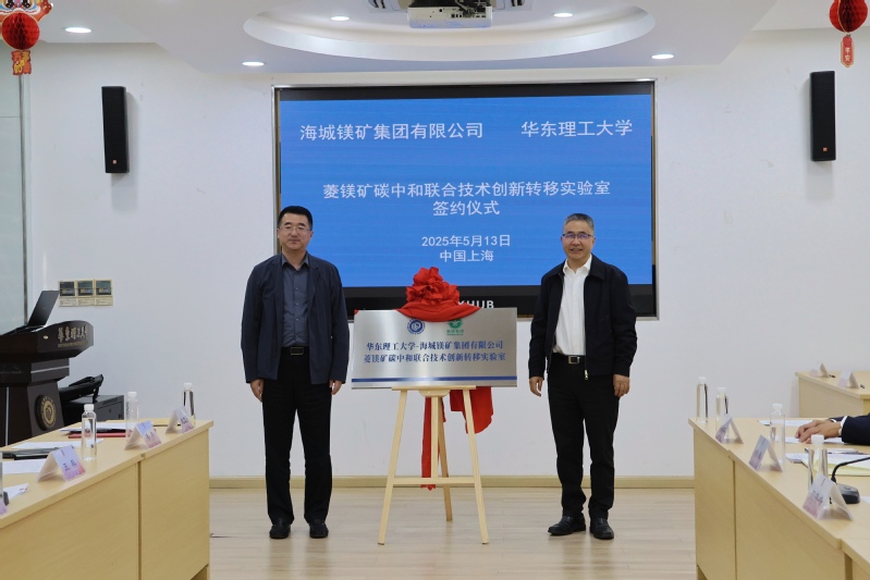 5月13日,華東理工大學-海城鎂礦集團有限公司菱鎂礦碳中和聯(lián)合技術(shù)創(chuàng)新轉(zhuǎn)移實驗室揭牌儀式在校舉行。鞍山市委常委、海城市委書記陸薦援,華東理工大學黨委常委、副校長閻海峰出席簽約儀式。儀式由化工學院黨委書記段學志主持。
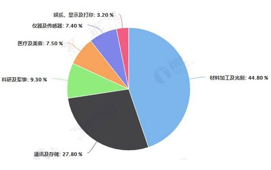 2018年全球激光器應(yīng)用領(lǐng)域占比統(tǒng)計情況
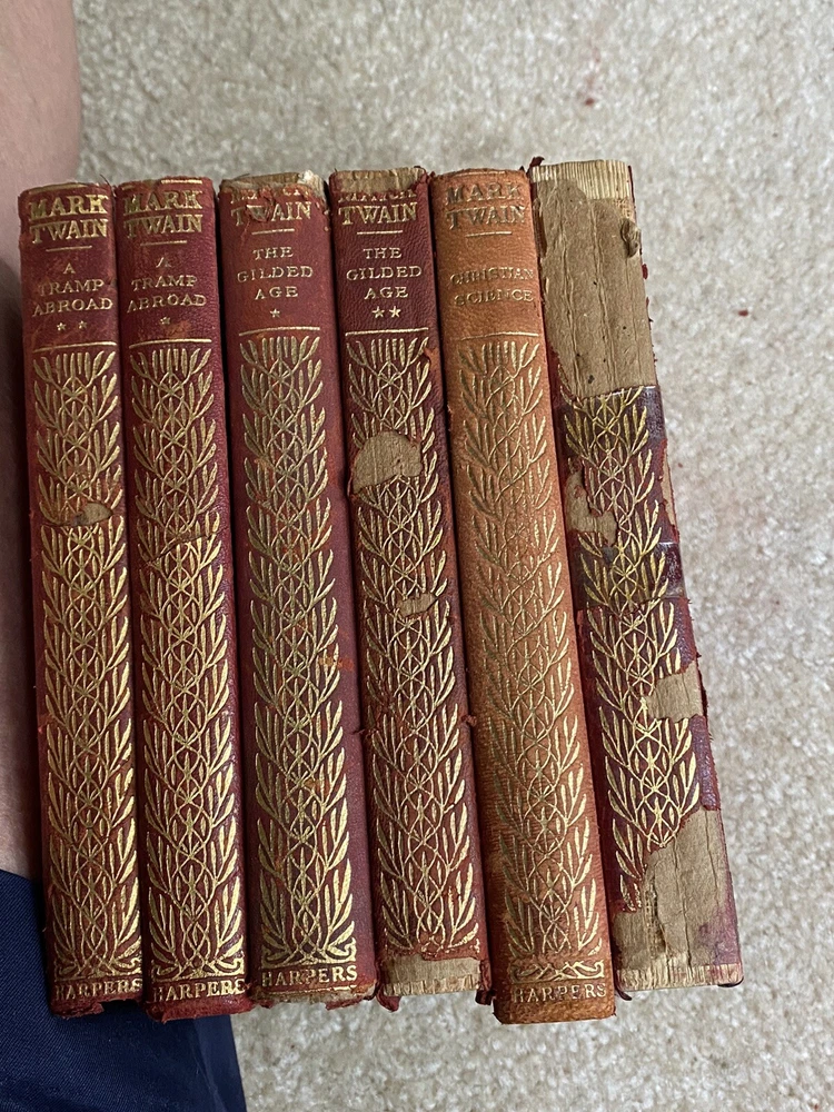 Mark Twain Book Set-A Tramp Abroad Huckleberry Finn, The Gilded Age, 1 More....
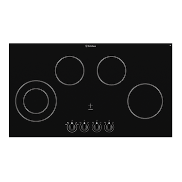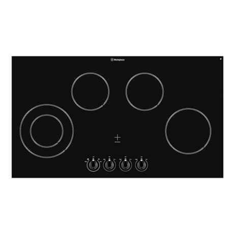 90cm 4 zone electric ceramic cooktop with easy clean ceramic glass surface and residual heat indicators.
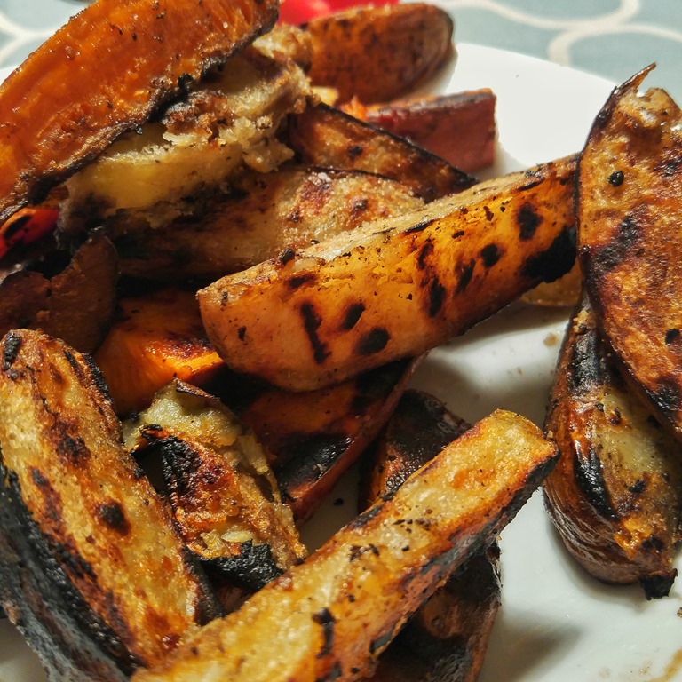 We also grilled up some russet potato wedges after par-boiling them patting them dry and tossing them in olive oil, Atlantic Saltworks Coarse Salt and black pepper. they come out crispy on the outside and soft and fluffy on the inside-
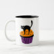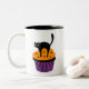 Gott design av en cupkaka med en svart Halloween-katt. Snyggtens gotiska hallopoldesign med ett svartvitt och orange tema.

→ **Brief**
Set down exactly and only the lines from the line that contains "90cm 4 zone" through the last line of the entries above, with both of those lines included and the pictures left out.

→ **Answer to this exercise**
 90cm 4 zone electric ceramic cooktop with easy clean ceramic glass surface and residual heat indicators.
 We also grilled up some russet potato wedges after par-boiling them patting them dry and tossing them in olive oil, Atlantic Saltworks Coarse Salt and black pepper. they come out crispy on the outside and soft and fluffy on the inside-
 Gott design av en cupkaka med en svart Halloween-katt. Snyggtens gotiska hallopoldesign med ett svartvitt och orange tema.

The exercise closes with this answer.